Japan’s most famous beef varieties, Kobe and Matsuzaka, are subsets of Tajima cattle, itself a strain of Kuroge Wagyu, and so can be called wagyu.
However, it’s possible for meat sourced from outside Japan to also be called wagyu, so long as the cows are one of the four types mentioned. While such situations are rare, there are wagyu ranches in both Australia and the U.S.
2. Kokusangyu / 国産牛
But if wagyu can be called “Japanese beef,” so too can kokusangyu, literally “beef produced in the country (i.e. Japan).” Kokusangyu refers to any domestically raised cow, regardless of whether or not it falls into one of the four wagyu breeds. Holsteins raised in Japan, for example, are kokusangyu, but not wagyu.
Technically, this means that any Japan-raised wagyu is also kokusangyu. There’s a small loophole though, in that cows born in another country which are then relocated and spend the majority of their lives in Japan can also be called kokusangyu.
So, in summary, wagyu gives you a clue to the breed, and kokusangyu indicates where the animal was raised. Since wagyu is widely held to be high-quality meat, and Japan always has a preference for domestically produced foodstuffs, both wagyu and kokusangyu carry plenty of cachet. Generally, though, wagyu gets more mouths watering and wallets opening, since imported wagyu is almost never seen in Japan.

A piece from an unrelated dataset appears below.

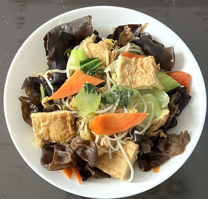 作法:木耳泡開川燙備用,豆包煎兩面黃切成六片、豆芽摘尾,紅蘿蔔切片,青江菜切小段。鍋內放油紅蘿蔔青江菜下鍋拌炒+木耳+豆包+少許素毫油+少許鹽拌炒+少許水+豆芽一起拌炒至熟盛起。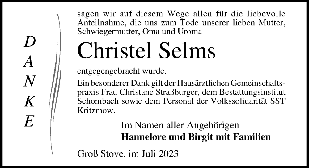 Hier finden Sie alle Traueranzeigen aus der Zeitung, die bisher für Christel Selms erschienen sind. Weitere Traueranzeigen, die in der Zeitung erscheinen, werden hier ebenfalls aufgelistet

With this in mind, if you’re after the most prestigious beef Japan has to offer, you might want to take the boasting of restaurants trumpeting their kokusangyu with a grain of salt, as the type of beef itself might be the same as what you can get in your own country. So before you get drawn into a restaurant by the tempting promise of “Japanese beef,” you might want to check just what kind of Japanese beef it is.